In subsequent years, the memory of Letham and all she represented was sidelined in favour of the ANZAC legend and the very masculine image of the surf life-saver – two national mythologies into which women did not fit. The Australian Women’s Weekly would begin circulating in 1933, and the figure of the housewife would once again take precedence. But it wasn’t only shifts in wider society that buried Letham’s legacy.
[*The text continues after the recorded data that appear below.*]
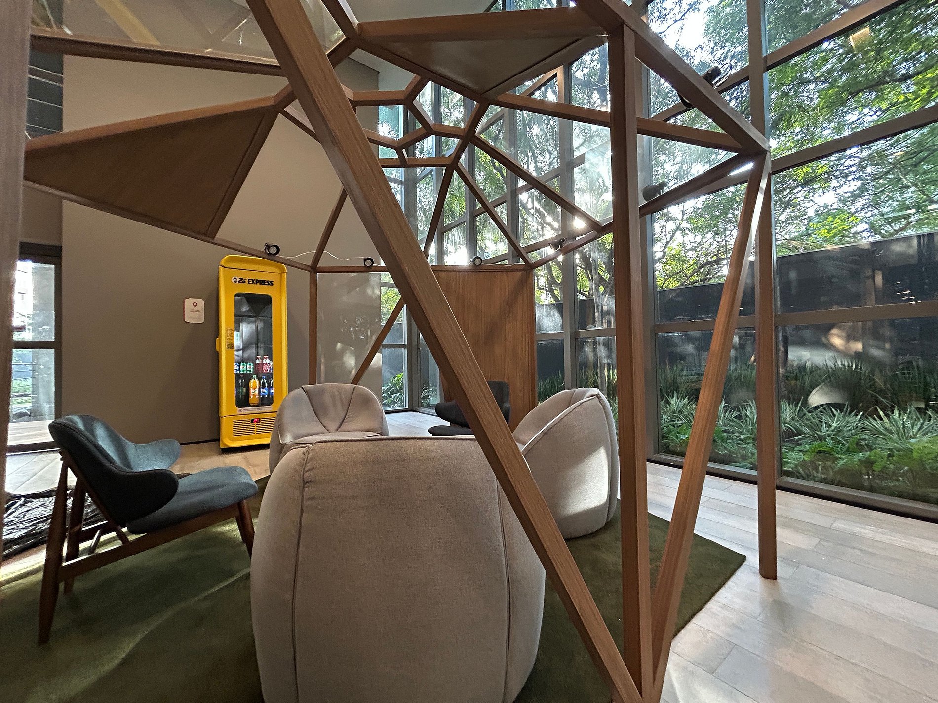 - Espaço de coworking com estação de trabalho e cabines privativas para reuniões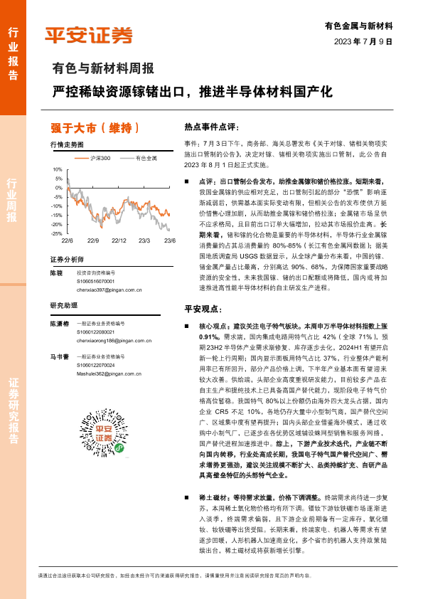 【平安证券】【20230709】20230709-平安证券-有色与新材料周报:严控稀缺资源镓锗出口,推进半导体材料国产化-16页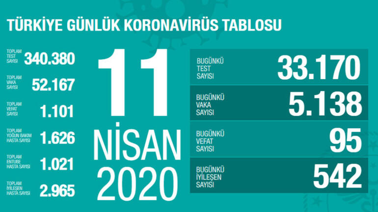 Bakan Koca’nın sosyal medya hesabından yaptığı paylaşıma göre, Türkiye’de virüs nedeniyle hayatını kaybedenlerin sayısı bin 101’e yükseldi. Ülkedeki toplam vaka sayısı ise, 52 bin 167’ye ulaştı.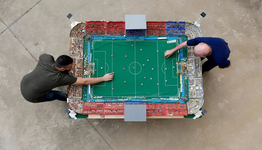 图为意大利罗马,两人正在玩Subuteo,一款模拟足球桌上游戏。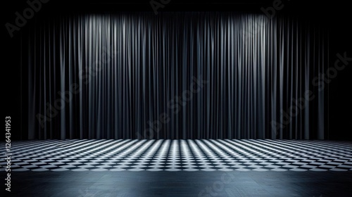 Dark Empty Stage With Illuminated Curtain And Patterned Floor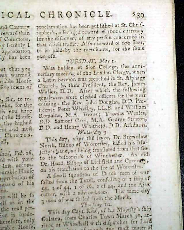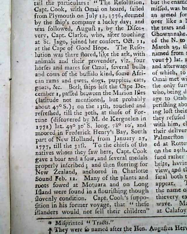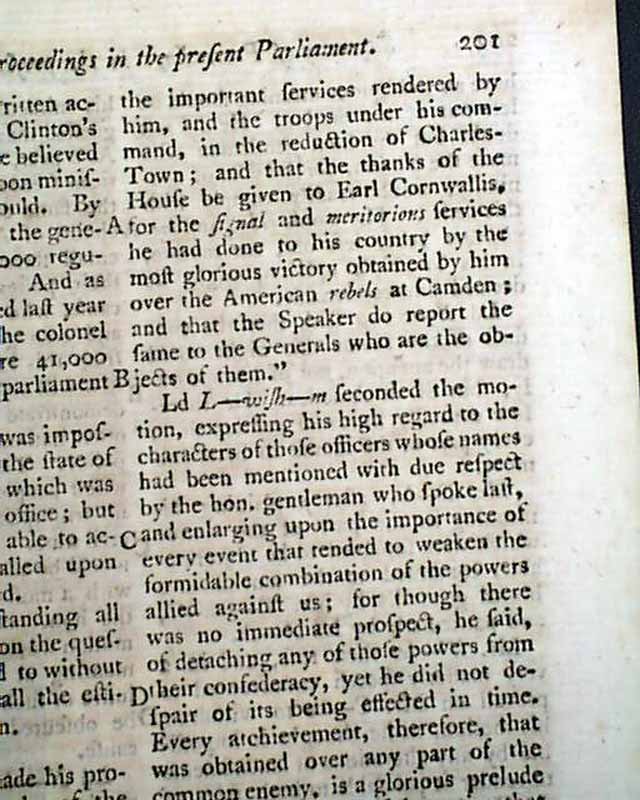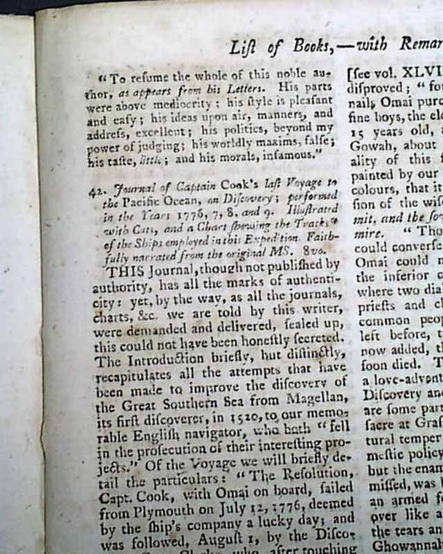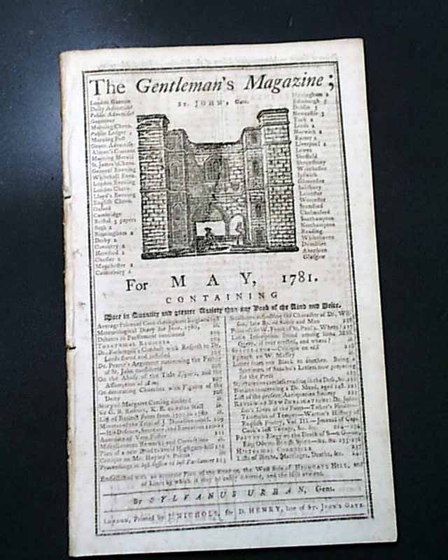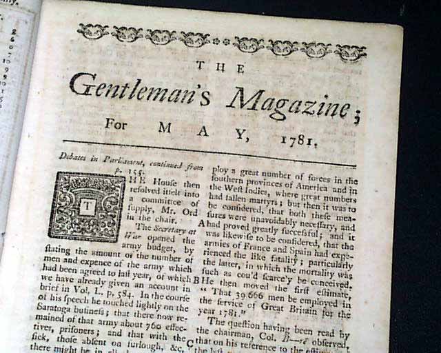 Item # 678673 GENTLEMAN'S MAGAZINE London, May, 1781 Content includes: "Debates in Parliament" includes talk on America. Another report is a review of the: "Journal of Captain Cook's Last Voyage to the Pacific Ocean, on Discovery, performed in the Years 1776, 7, 8 & 9..." which takes over 3 pages.

As writer and historian Clare Wright explains, “Surf culture itself developed in a way that largely blocked the participation of women.” Throughout the mid-century, prominent figures in female surfing were few and far between. Gidget rose to fame in the late 50s, and in 1964 Phyllis O’Donnell won the World Surfing Championships.

In or out of the water, Isabel was guided by an adventurous spirit.

But by 1979, when Kathy Lette wrote 'Puberty Blues', the lineup had become an unwelcoming place for girls and women. “We were like placeholders,” remembers former world champ Pam Burridge of surfing in the 70s, “Going through that decade when it was just aggressive. People protecting their breaks. It was very macho. 'Puberty Blues' was not a fantasy.” Women were denied membership to surf life-saving clubs until 1980 and experienced hostility in the water for longer still.

Isabel Letham grew up during an exciting period of women’s liberation. A formidable character with big ambitions, she led
 an adventurous and independent life, unbound by the expectations placed on many women of her time. In 1993, Isabel was inducted into the surfing hall of fame. It has been suggested that Letham was far from graceful as she rode her first waves back in 1915, and that her influence on surfing has been blown out of proportion. But what is important, I think, is not how well Isabel surfed, but that she was there and that she surfed at all. More than 100 years after her exciting debut, female professional surfers have gained equal 
pay, and Isabel would have been pleased. While the world needed a little more time to catch up with Isabel, we should be proud to call her a pioneer of Australian surfing, somebody who symbolises a positive and progressive genesis to our surf culture.